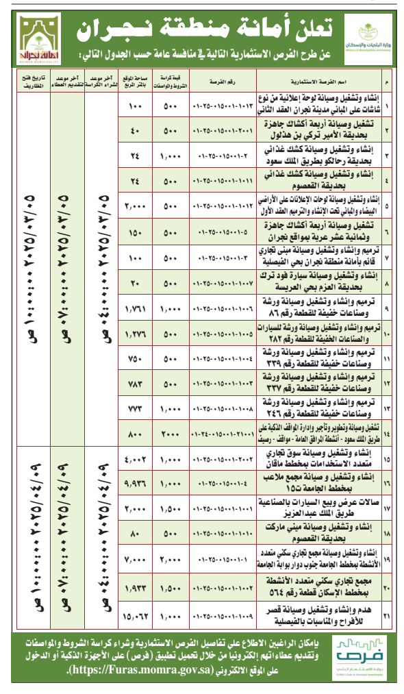 *طرح الفرص الاستثمارية التالية في منافسة عامة حسب الجدول التالي
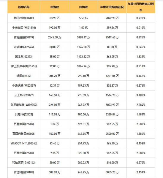 10月13日港股回购概况: 石四药集团(02005)、方正控股(00418)、摩比发展(00947)、天福(06868)、永安国际(00289)、万咖壹联(01762)、VITAOYIT'L(00345)、腾讯控股(00700)、固生堂(02273)、明源云(00909)、百宏实业(02299)、希玛眼科(03309)、归创通桥-(02190)、力鸿检验
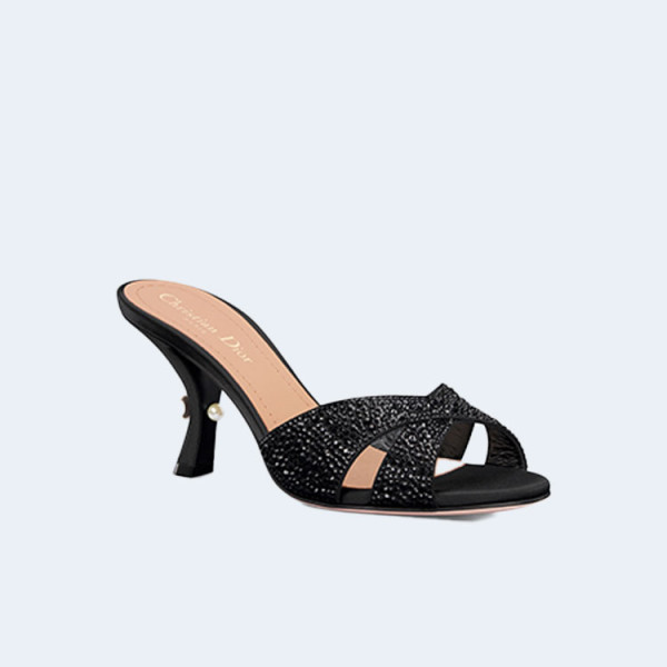 디올 Tribales 뮬 힐 블랙 스웨이트 라인스톤
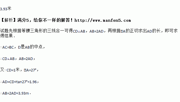 某校自行车棚的人字架棚顶为等腰三角形,D是AB的中点,中柱CD=1米,∠A=27°,
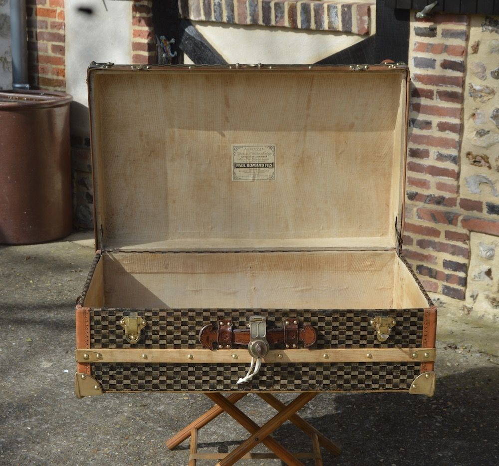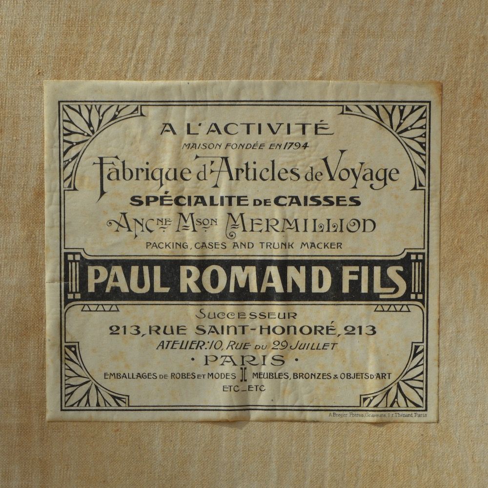 The inside of the trunk is lined with an unbleached linen cloth, with the label of the manufacturer Paul Romand indicating the address of the store at the time at 213 rue Saint Honoré.

# Exercise instructions:
Copy exactly, leaving out pictures, the lines from the line containing "디올 Tribales 뮬 힐 블랙 스웨이트 라인스톤" through the last line of the records.

# Solution for this task:
 디올 Tribales 뮬 힐 블랙 스웨이트 라인스톤
 某校自行车棚的人字架棚顶为等腰三角形,D是AB的中点,中柱CD=1米,∠A=27°,
 The inside of the trunk is lined with an unbleached linen cloth, with the label of the manufacturer Paul Romand indicating the address of the store at the time at 213 rue Saint Honoré.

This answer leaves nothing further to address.